Ousted Te Whatu Ora chair Rob Campbell has publicly slammed New Zealand's health reforms just a month after getting dropped from the top job.
Campbell hit out at the system in a Monday night speech to the Fabian Society in Wellington.
He likened the new health system to a half-baked cake that hasn't made enough change.
Campbell told AM Te Whatu Ora is staffed with too many managers who are indecisive or inadequate.
"In the discussions that I've had and the time I've been involved with health; with staff, with patients, with people in the community about the health system… there's nothing extraordinary about what I was saying - it's a widespread appreciation of the issues," he said on Tuesday.
"You've got to look back to the way the system was set up - it was very much a top-down restructuring. There wasn't sufficient account taken of the views of staff, unions, professional organisations [and] deliverers of primary care - that whole range of people that make up our health system were excluded from it."
The reforms revolved around bureaucracy and not what those working on the frontline wanted, he alleged.
Because of that, it wasn't a surprise the reforms were flopping, Campbell said.
"There was always going to be a struggle," he told AM host Ryan Bridge.
"I don't know anyone in the in the public health system who would not say that we are in crisis situation. Some politicians might not like that but it is a crisis."
Meanwhile, he accused senior managers of hindering progress.
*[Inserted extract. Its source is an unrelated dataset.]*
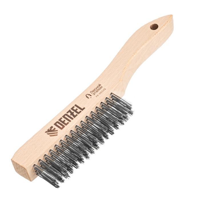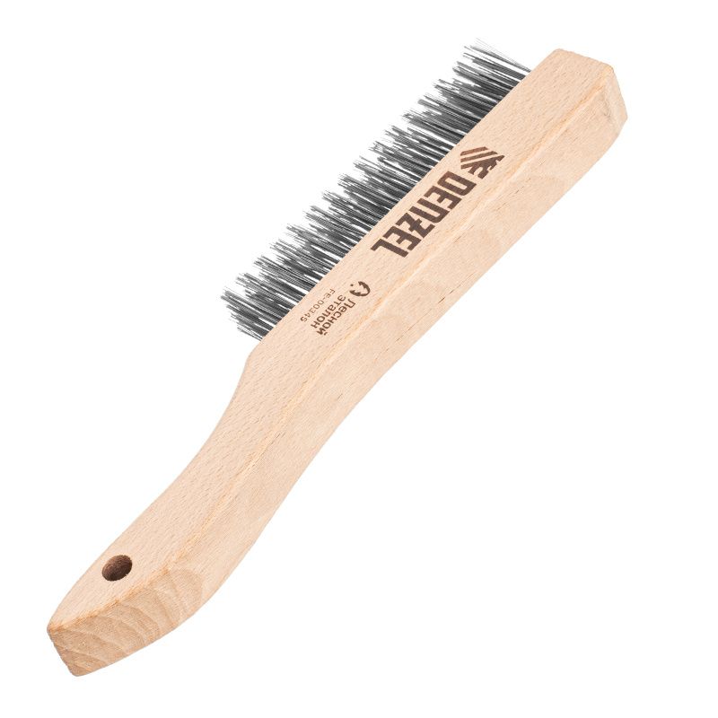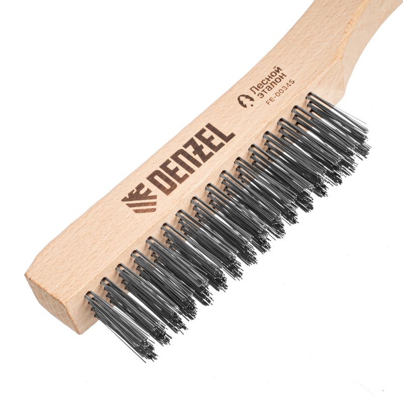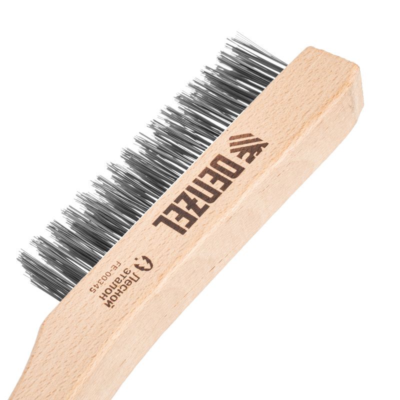 Щетка зачистная 4-х рядная, прямая проволока из нержавеющей стали с деревянной ручкой, EFP// Denzel, 74844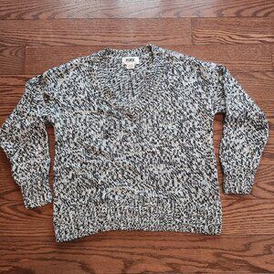 Victoria Secret PINK Black White Marled Knit V-Neck Sweater Y2K Boyfriend Sz M

Despite managers and Te Whatu Ora's board wanting to make a difference to meet the needs of New Zealanders, some were "not just no help - they were actively blocking change".
Campbell said more needed to be done.
"The people who need efficiency and effectiveness in the health system most are those that love the public health system - those that want a strong public health system… the people who want a public health system are the ones who have got the responsibility to stand up and say, 'This has to work better - we have to run this differently.'"
Responding to Campbell's claims, Prime Minister Chris Hipkins agreed there was still a long way to go in the public health reforms.
"The old system wasn't sustainable either and reform was required," Hipkins told AM.
"We're still relatively early on in the piece of a major reform program for the health system and there's still a lot of work to be done. The health system isn't where we need it to be and so we are uptaking reform because the old system wasn't working - the new system's got a lot of work to do make sure it does actually deliver on the improvements that New Zealanders deserve to see.
"If you take 20 district health boards, each with their own management teams - each with their own systems and processes in place, you put them together and you try streamline that - that is going to be a very big undertaking and it's going to take some time to work through that. Has that work been completed? No, not even close to being completed."